Karlien is a successful multiple-global-business owner, currently the Director of Labourwise Human Resources in South Africa, and the mother of two wonderful children. Karlien has a BA, BA(Hons), and MBA (all Cum Laude, of course), has run the Comrades and Two Oceans Ultramarathons twice, has climbed Kilimanjaro, and does a lot of fundraising for charities in South Africa in her “spare” time.
These are all smart, successful women who know what it is to face significant challenges and fears and to pursue big goals. They all have an appreciation of what both failure and success feel like. They’re leaders and connectors who experience their own struggles as they try to make sense of both success and failure in their journeys. And they’re also actively supporting other women in their pursuits to overcome failures and create more success for themselves and their families … and to enjoy life while they do it.
They’re saying that their observations are that not much has changed since this research was conducted in the ’70s, and they’re probably spot-on. When you consider that, in spite of some significant shifts in gender equality, we still live in a world where in 38 out of 50 states of the USA a woman can be charged for murder after unexplained miscarriage or stillbirth, then it’s probably safe to assume that women are still being burdened with too much responsibility for failures and are not being given (or taking) enough credit for their incredible resourcefulness and many successes.
Are you in the habit of accepting too much responsibility for failures and too little credit for your successes?
What’s the impact when you do that?
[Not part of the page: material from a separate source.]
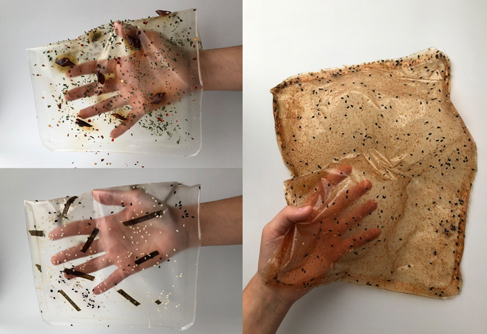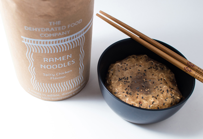 As increasingly witnessed at numerous design shows over the last couple of years, making informed and considered material choices that are either recyclable or locally sourced has also been a key focus for many students this year. Holly Grounds, a product design graduate from Ravensbourne University has opted to address the issue of plastic waste by designing an edible ramen noodle packet that dissolves in boiling water, eliminating the need for disposable, single-use plastic.

How does it affect your ability to be resilient and to rebound from failures? What happens to your stress levels and your ability to enjoy your challenging pursuits while you work at them? How does it affect your ability to market your business (especially if you’re in a service business) and the amount of recognition, reward, and influence that you’ve been able to garner in your work?
What if you were to practice looking for the internal, enduring personality traits and skills that have contributed to your successes and to begin explaining failures as “bad luck” or the result of fleeting external circumstances? How different would you feel about your business successes and failures then? And how much more confident, productive, and impactful could you be? What would that be like?
Cath, this is so spot on.
And woah, I suck at livefyre commenting. 😉 But yeah…I totally do that. And not just to other people, but to myself. This past couple of months, I’ve been keeping an accomplishments journal, and it has changed the way I see myself and my capabilities. Instead of always being irritated with myself for failing to check off every last one of my tasks for the day, I am astonished at my tenacity when I look at what I’ve achieved, even in just one day.
I’m interested in other ways to change my mindset…I feel like it’s the final frontier for me to be able to see my vision scale.
Cath, I am both comforted by knowing that it’s not just me, and sad that so much of the magnificent potential of women to connect and heal our world is held back by this…thing. Is it self-esteem? If so, how can so many women suffer from it? Gender-based brain wiring?
And Sarah, I love the idea of an accomplishments journal! Thank you for this 🙂
I live in a house with 4 very talented women. They are all musicians. They give many great performances, but they never admit they are any good. It’s because of an easy crowd, or because it was an easy play or …
I’m the only male in the house, and when I did something good, I say it’s because I did A and B, and I handled C by doing D.
Thanks for pointing out the differences, It’ll make my life a lot easier, now that I understand how my roommates think.